For the other nutrients discussed in this paper, evidence-based recommendations for supplementation in the context of IBD do not exist. Rather, clinicians should focus on the correction of any micronutrient deficiencies that are found using appropriate oral therapy. Previous authors have posited varying suggestions on dosage with regards to reversing deficit, with high dose oral therapy as the common theme among them. A 2003 review by Eiden highlights such suggestions in IBD patients and is a valuable reference for clinicians with deficient IBD patients [149].
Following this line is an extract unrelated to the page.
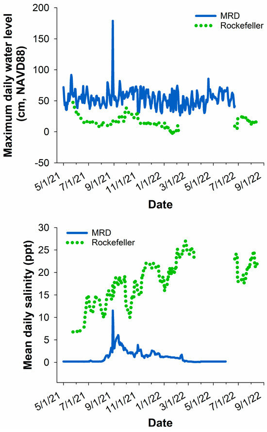 The percent time flooded of each marsh organ elevation level differed slightly from the original targets due to annual variations in water levels. Nonetheless, the pipe elevations captured a wide range of potential flooding durations (3.5–100% in MRD and 3–100% flooded in Rockefeller; Figure 1). Water levels were lower and salinity concentrations were generally much greater in Rockefeller throughout the study duration, as expected (Figure 2).
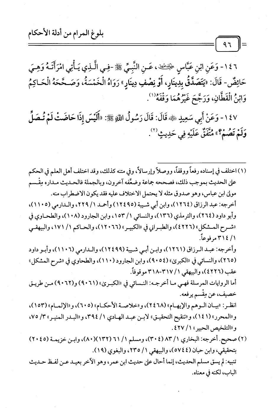 146 - وَعَنِ ابْنِ عَبَّاسٍ رَضِيَ اللَّهُ عَنْهُمَا، عَنِ النَّبِيِّ - صلى الله عليه وسلم - فِي الَّذِي يَأْتِي امْرَأَتَهُ وَهِيَ حَائِضٌ- قَالَ: «يَتَصَدَّقُ بِدِينَارٍ، أَوْ نِصْفِ دِينَارٍ» رَوَاهُ الْخَمْسَةُ، وَصَحَّحَهُ الْحَاكِمُ وَابْنُ الْقَطَّانِ، وَرَجَّحَ غَيْرُهُمَا وَقْفَهُ (¬1).

The development of specific recommendations for supplementation and micronutrient levels to targets is a priority. In order to do so, large, well-designed, controlled studies focused on supplementation are required. Given the consistency of the observed association between zinc and vitamin D and IBD clinical disease activity and inflammation, further study of supplementation of vitamin D and zinc as an adjunct to therapy is appropriate [16,36]. Given their link to immunity and oxidation, further characterization of the role of vitamin A, B9, and K in IBD pathogenesis is also warranted.